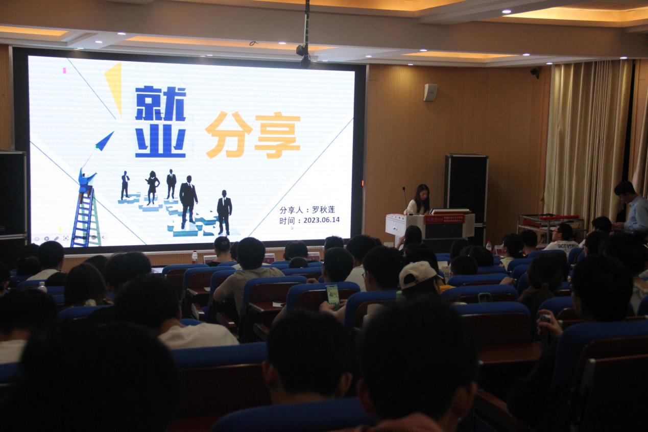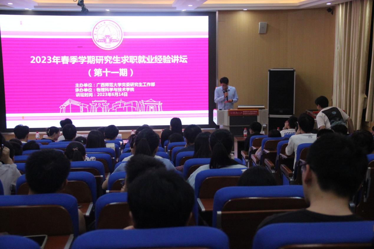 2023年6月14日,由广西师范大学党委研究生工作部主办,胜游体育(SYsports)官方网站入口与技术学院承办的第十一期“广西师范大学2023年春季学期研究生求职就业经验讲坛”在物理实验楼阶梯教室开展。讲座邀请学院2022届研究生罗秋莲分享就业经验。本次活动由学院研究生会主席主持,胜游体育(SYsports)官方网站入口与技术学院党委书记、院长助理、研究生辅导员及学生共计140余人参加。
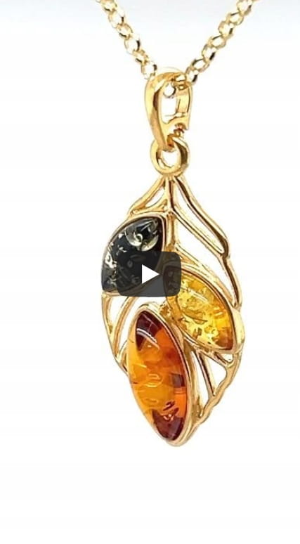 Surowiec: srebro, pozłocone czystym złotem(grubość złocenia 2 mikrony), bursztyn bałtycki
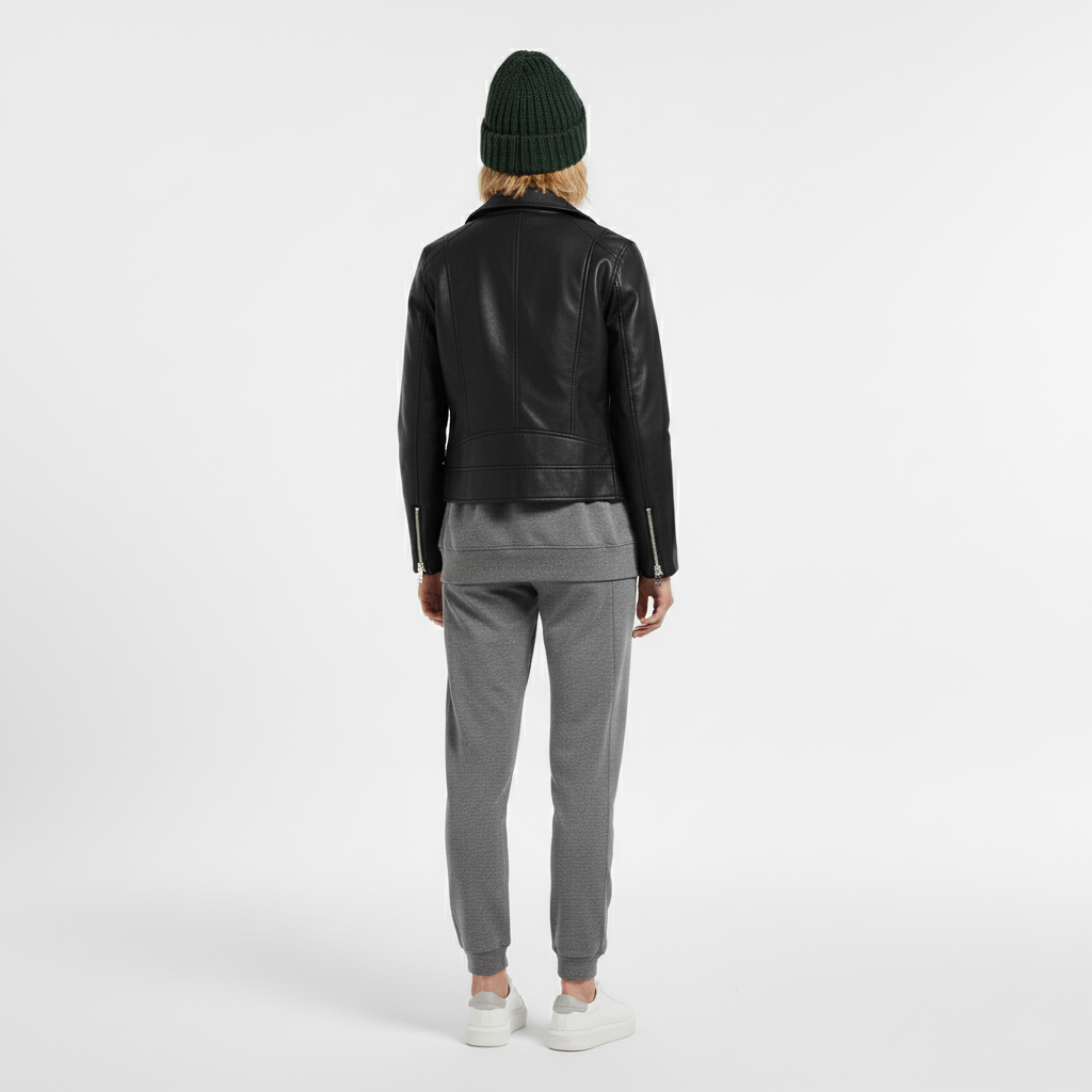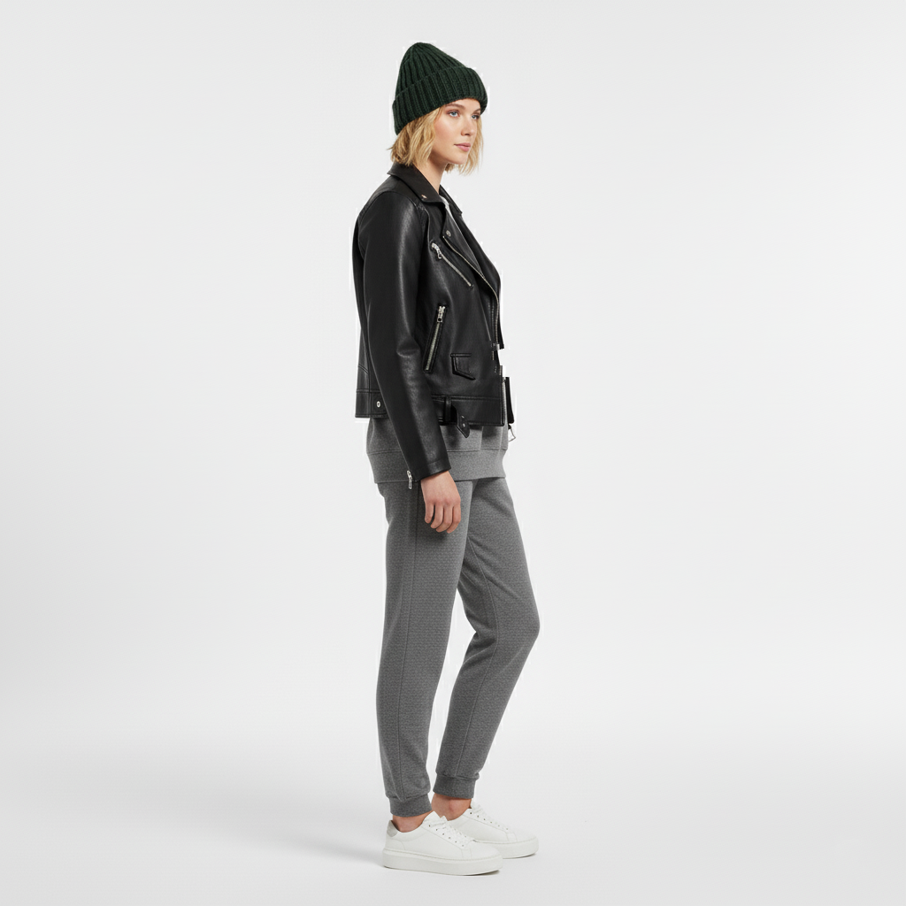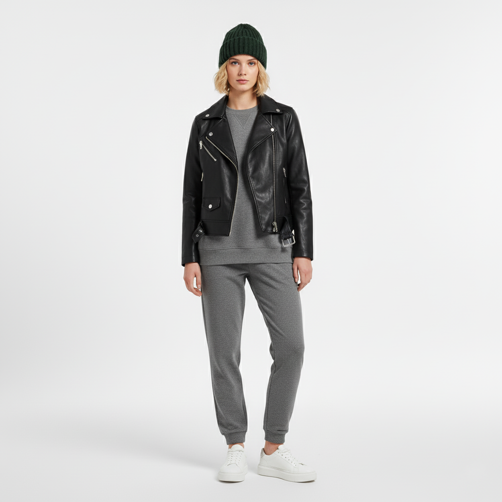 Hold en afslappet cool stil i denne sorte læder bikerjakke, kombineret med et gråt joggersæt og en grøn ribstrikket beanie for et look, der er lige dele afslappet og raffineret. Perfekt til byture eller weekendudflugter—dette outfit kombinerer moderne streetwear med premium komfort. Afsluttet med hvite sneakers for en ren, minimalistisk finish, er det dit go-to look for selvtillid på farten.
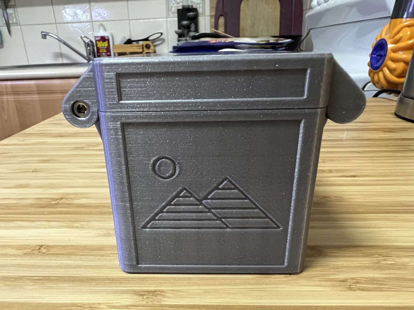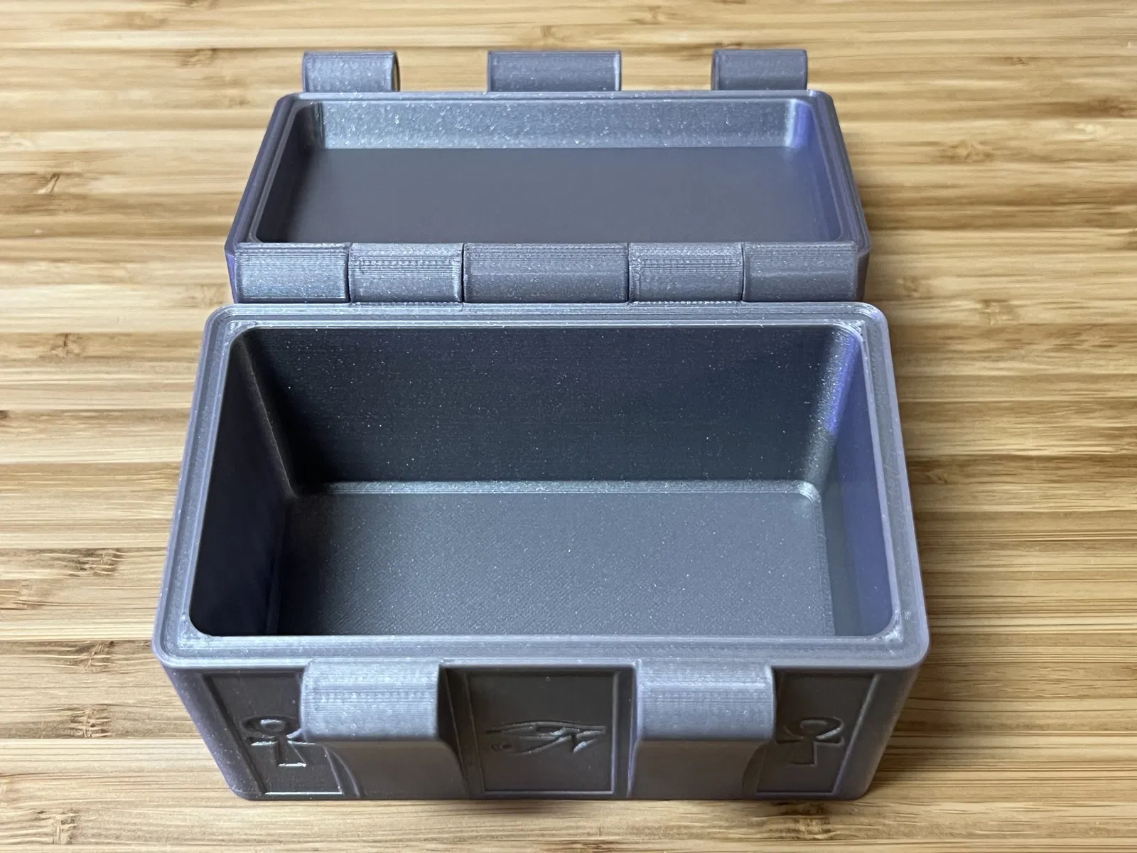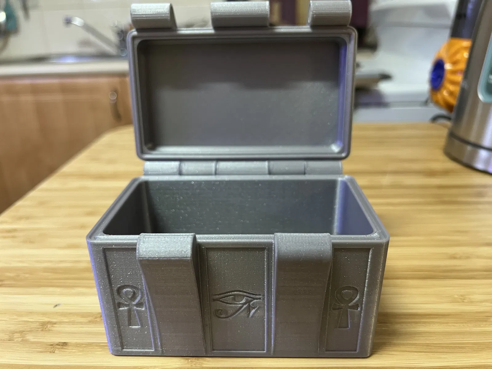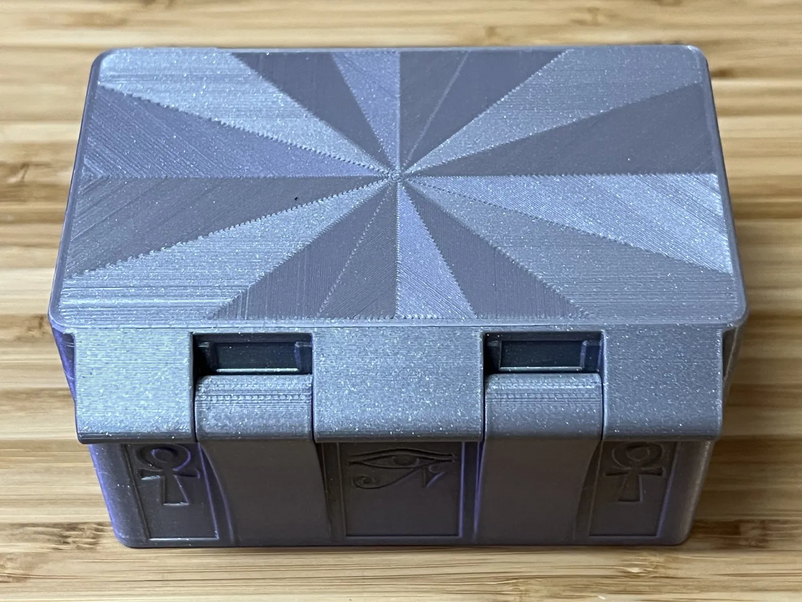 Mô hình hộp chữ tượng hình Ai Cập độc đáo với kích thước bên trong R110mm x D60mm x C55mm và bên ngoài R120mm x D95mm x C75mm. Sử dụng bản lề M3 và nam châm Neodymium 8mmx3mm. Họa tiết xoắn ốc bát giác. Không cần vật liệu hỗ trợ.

◆ **TO DO**
What you should repeat exactly is the run of lines from the top of the listing above through the line with "Surowiec: srebro, pozłocone", without pictures.

◆ **WRITTEN SOLUTION**
 2023年6月14日,由广西师范大学党委研究生工作部主办,胜游体育(SYsports)官方网站入口与技术学院承办的第十一期“广西师范大学2023年春季学期研究生求职就业经验讲坛”在物理实验楼阶梯教室开展。讲座邀请学院2022届研究生罗秋莲分享就业经验。本次活动由学院研究生会主席主持,胜游体育(SYsports)官方网站入口与技术学院党委书记、院长助理、研究生辅导员及学生共计140余人参加。
 Surowiec: srebro, pozłocone czystym złotem(grubość złocenia 2 mikrony), bursztyn bałtycki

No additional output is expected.